The number of tickets took off when the airport agency hired 30% more officers for the LAX police force after the Sept. 11, 2001, terror attacks. The increase included many more unarmed officers charged with keeping traffic moving on the horseshoe-shaped access road to prevent a terrorist from pulling up to the curb with a car bomb.

The force's expansion also brought in more armed officers, who sometimes issue tickets.

In addition, city officials pay LAPD personnel overtime to patrol LAX during busy holiday periods or when the nation's terrorist alert level is raised to orange, for a high risk of attack. (The current alert level is yellow, for "elevated" risk.)

The police buildup came as the number of vehicles circling the airport's access road fell 20% in the last two years. The combination of more officers and fewer autos resulted in more tickets for motorists going to LAX to pick up family and friends.

Airport police issued 13,195 parking tickets in June and July this year, up 30% from the same period in 2001.

Officers also wrote 461 traffic citations at LAX in June and July for such infractions as running red lights or making unsafe lane changes, up 56% from the 295 issued in the early summer of 2001.

These citations rose in part because officials had removed meters from the facility's parking garages, freeing up officers to write tickets for moving violations rather than expired meters.

"We enforce traffic laws in here as the LAPD does on city streets," said Michael DiGirolamo, a deputy executive director of the city's airport agency. "There is a high percentage of drivers who, when they come into the airport ... they drive erratically. They run stoplights, don't obey crosswalks and make many lane changes."

Some ticket recipients say they have been unfairly treated. One wrote to airport officials after being ticketed at LAX for driving with expired tags on his license plate.

The Los Angeles resident complained that he had been driving around the city for six months with the expired tags and hadn't been cited.

Brentwood resident Martha Melvoin pulled up in front of Terminal 5 in July, left her Volvo station wagon running and jumped out to scan the crowd for her brother-in-law. An officer asked her to move, Melvoin said, adding that she got back in her car and drove on.
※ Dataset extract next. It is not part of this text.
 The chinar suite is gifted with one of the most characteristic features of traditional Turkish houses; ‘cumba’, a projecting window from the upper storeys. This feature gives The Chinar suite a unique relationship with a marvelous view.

After a second pass around the lower-level roadway, Melvoin stopped to load her brother-in-law, his suitcase, backpack and fishing pole into her car. Then she drove home, unaware that the officer had issued her a $40 ticket for double parking. She is contesting the citation.
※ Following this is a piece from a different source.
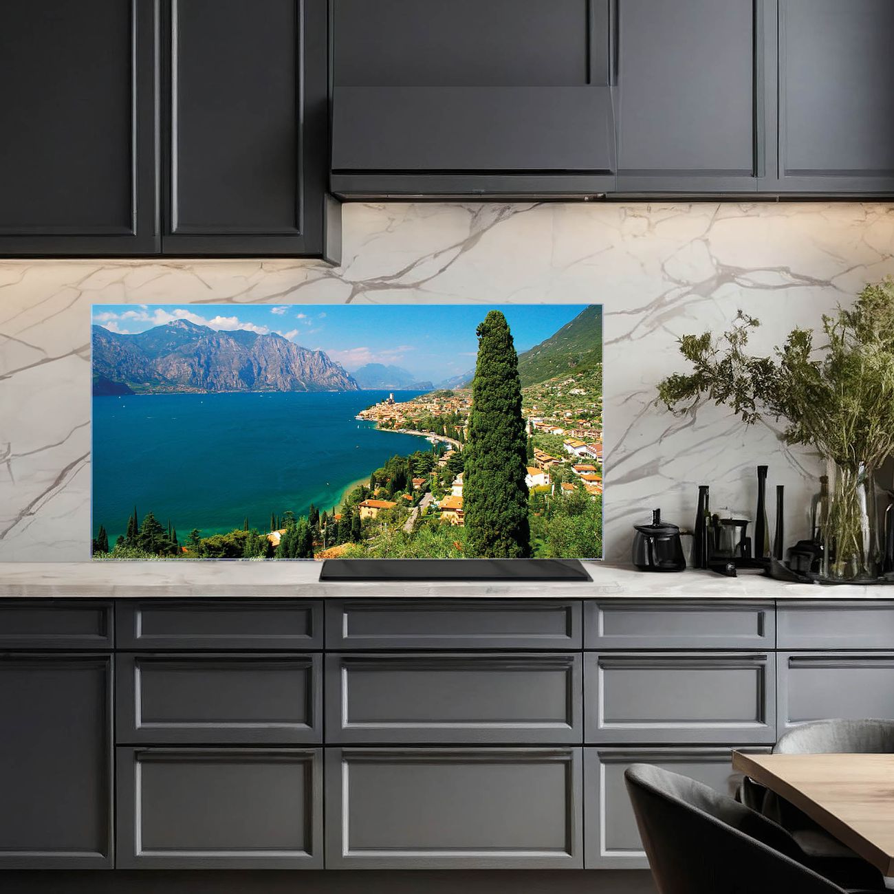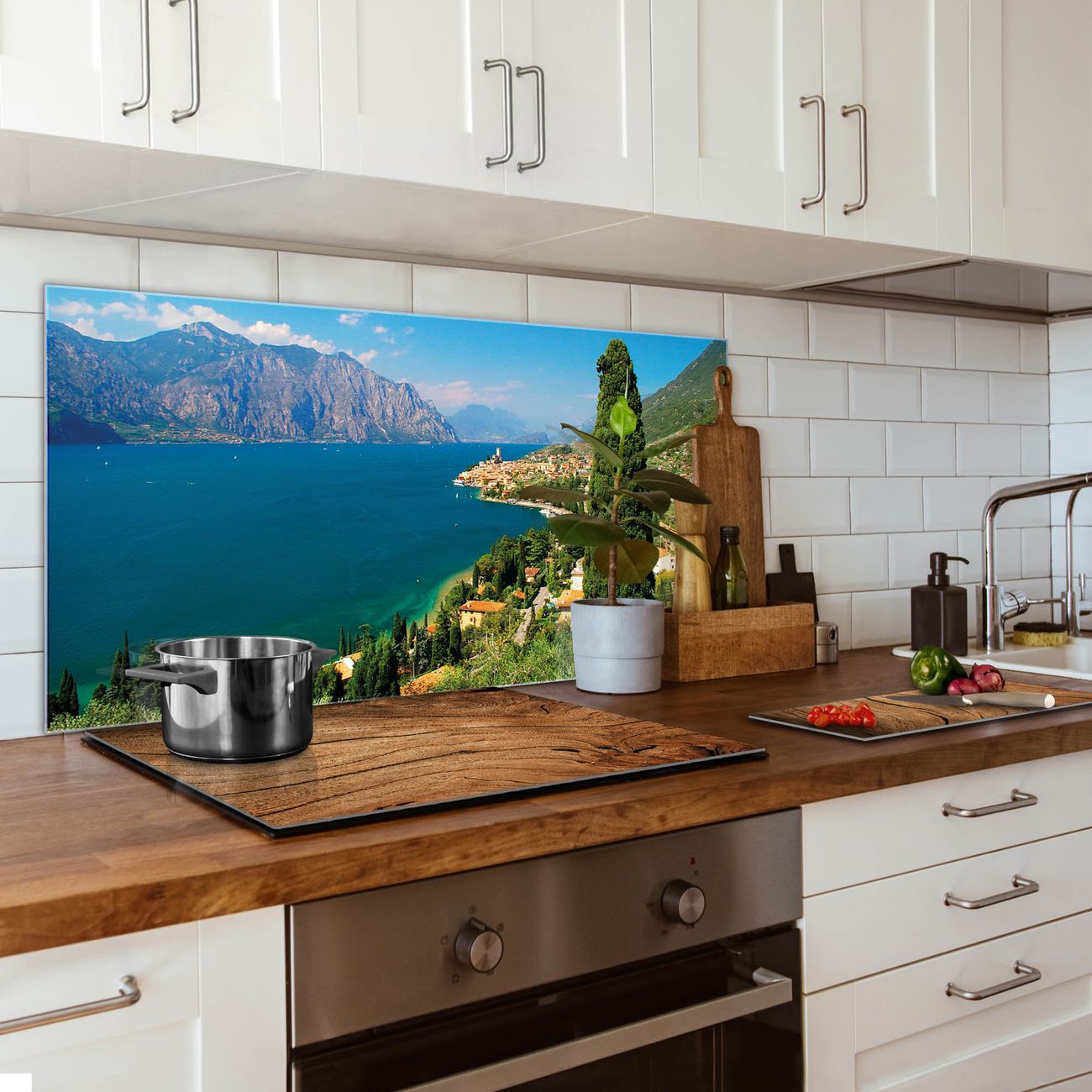 Die banjado Glas Küchenrückwand in verschiedenen Größen mit Motiv Gardasee schützt Ihre Küchenfliesen vor Fettspritzern oder Wasserflecken. Der Spritzschutz ist gleichzeitig magnetisch und hält Ihre Rezepte oder Einkaufslisten. 4 Neodym-Magnete und 1 Kreidestift liegen bereits bei. Leuchtende Motive und hochwertiges Material machen den Spritzschutz zum Designobjekt. Das dekorative Glasbild gibt Ihrer Küche ein individuelles Erscheinungsbild. Abgerundete Kanten und Sicherheitsglas sorgen für einen sicheren Einsatz.

"I'm outraged that they are accusing me of something that I didn't do," said Melvoin, who argues that she didn't double park her car. "Usually if I get a ticket, I say a couple swear words and pay it and I'm mad at myself for a day and a half. But this one I'm not letting go."

Melvoin and Levy say airport police are ticketing motorists, not in the interests of security, but to raise money to pay the city's debts.

Officials say the $9 million or so in revenue gleaned from tickets issued at LAX flows into the city's general fund.

Airport police commanders say their officers are not required to issue a certain number of tickets.

"There is no quota," said Capt. Alan Hyde, commanding officer of the Airport Police Department's traffic services unit. "In fact, my instructions to all officers at roll call are that the citation is the last resort. We want them to manage traffic, not write tickets."

Hyde said there are rules of thumb that motorists should keep in mind when picking up travelers at the airport.

* First, officers typically allow drivers up to three minutes to load a passenger and luggage into a vehicle.